EXERCISE BRIEF
Exact wording is needed for every line from the one holding "図1 家保におけるウェアラブル映像端末活用イメージ" to the end of the records below; write those lines out and omit the pictures.

Source data:
———

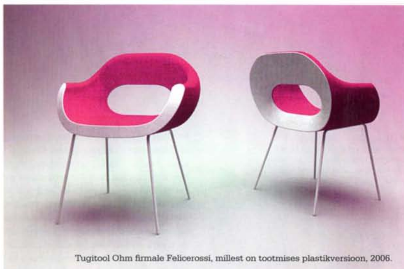
Tugitool Ohm firmale Felicerossi, millest on tootmises plastikversioon, 2006.

▼ Sofa Panorama firmale Felicerossi, mida esitleti 2007. a kevadel Milano mööblimessil. "Hull projekt. Püüan tootedisaini ikka mingit visiooni tuua. See siin on välgast minimalistlik karm ristkülik, mille sisu vastupidine: 9 ümarat patja hoolitsevad sinu eest ja istudes on tunne nagu kookonis."
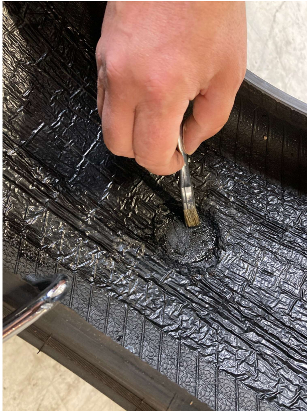
Hele den raspede overflade indsmøres med BL cement.
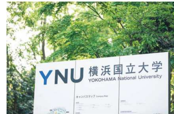
(写真) 横浜国立大学キャンパス
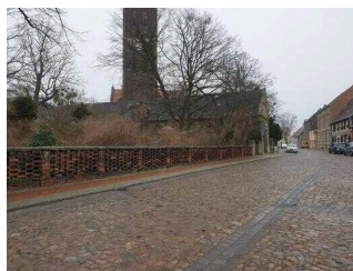
Weg vom Parkplatz zum Eingang in den Park
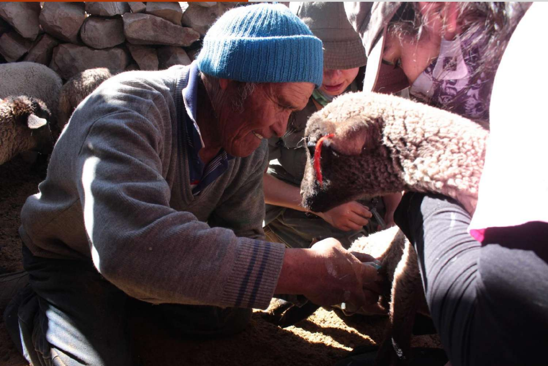
Control Sanitario de Ovinos, sector Cariquima.
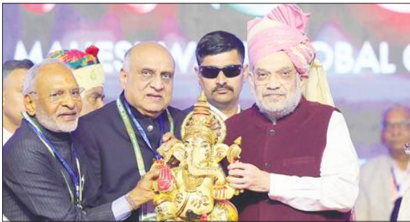
स्थानीय भाषाओं का ही इस्तेमाल करना चाहिए, क्योंकि इससे उनकी जड़ों से उनका जुड़ाव मजबूत होगा। मंत्री यहां आयोजित 'माहेधरी ग्लोबल कन्वेंशन' को संबोधित कर रहे थे, जहां माहेधरी समुदाय के सदस्य देश और विदेश के विभिन्न हिस्सों से एकत्र हुए हैं। शाह ने कहा, "यदि आप घर पर बच्चों से उनकी भाषा में बात करेंगे, तो वे अपने इतिहास से, अपने राज्य राजस्थान से स्वतः जुड़ जाएंगे... भाषा ही वह

जोधपुर : केंद्रीय गृह मंत्री अमित शाह ने शनिवार को 'आत्मनिर्भर भारत' के लक्ष्य को प्राप्त करने के लिए 'स्वदेशी' और 'स्वभाषा' को प्रोत्साहित करने की आवश्यकता पर जोर देते हुए लोगों से स्थानीय उत्पादों का निर्माण और उपयोग करने तथा घर पर केवल अपनी मातृभाषा में बातचीत करने का आग्रह किया। शाह ने कहा कि किसी भी समाज, संस्कृति और धर्म को संरक्षित रखने में भाषा महत्वपूर्ण भूमिका निभाती है। उन्होंने कहा कि हालांकि दुनिया में प्रगति के लिए आवश्यकतानुसार कोई भी भाषा सीखी या बोली जा सकती है, लेकिन घर पर बच्चों से बातचीत के लिए केवल हिंदी और
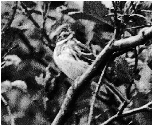
476 Rustic Bunting / Bosgors Emberiza rustica , Lies, Terschelling, Friesland, 29 September 1972
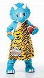
マスコットキャラクター「トライブ」
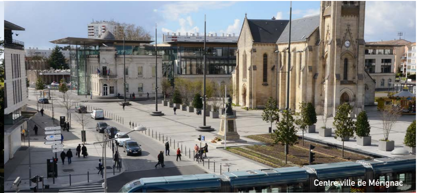
Centre ville de Mérignac
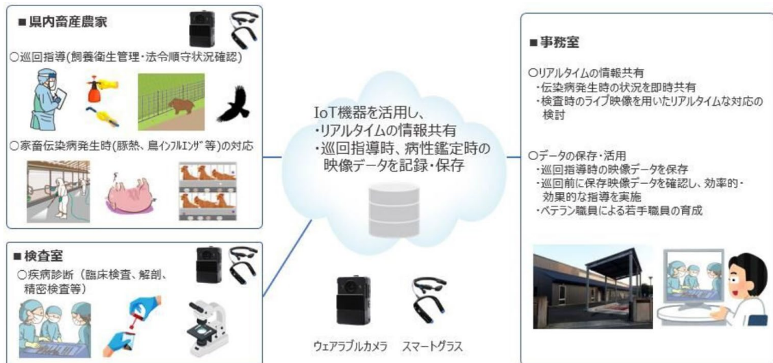
図1 家保におけるウェアラブル映像端末活用イメージ

実証実験を経て、県内家保ではスマートグラスとウェアラブルカメラ(写真1)、2種類のウェアラブル映像端末を導入し、令和7年度より業務での活用を開始した。
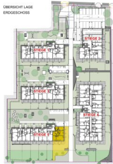
ÜBERSICHT LAGE ERDGESCHOSS

DIE ANGEGEBENEN QUADRATMETERWERTE SIND CIRCA MAß. MAßTOLERANZEN BIS ZU 3% DER GESAMTFLÄCHE SIND MÖGLICH.

———

PROBLEM SOLUTION
図1 家保におけるウェアラブル映像端末活用イメージ

実証実験を経て、県内家保ではスマートグラスとウェアラブルカメラ(写真1)、2種類のウェアラブル映像端末を導入し、令和7年度より業務での活用を開始した。
ÜBERSICHT LAGE ERDGESCHOSS

DIE ANGEGEBENEN QUADRATMETERWERTE SIND CIRCA MAß. MAßTOLERANZEN BIS ZU 3% DER GESAMTFLÄCHE SIND MÖGLICH.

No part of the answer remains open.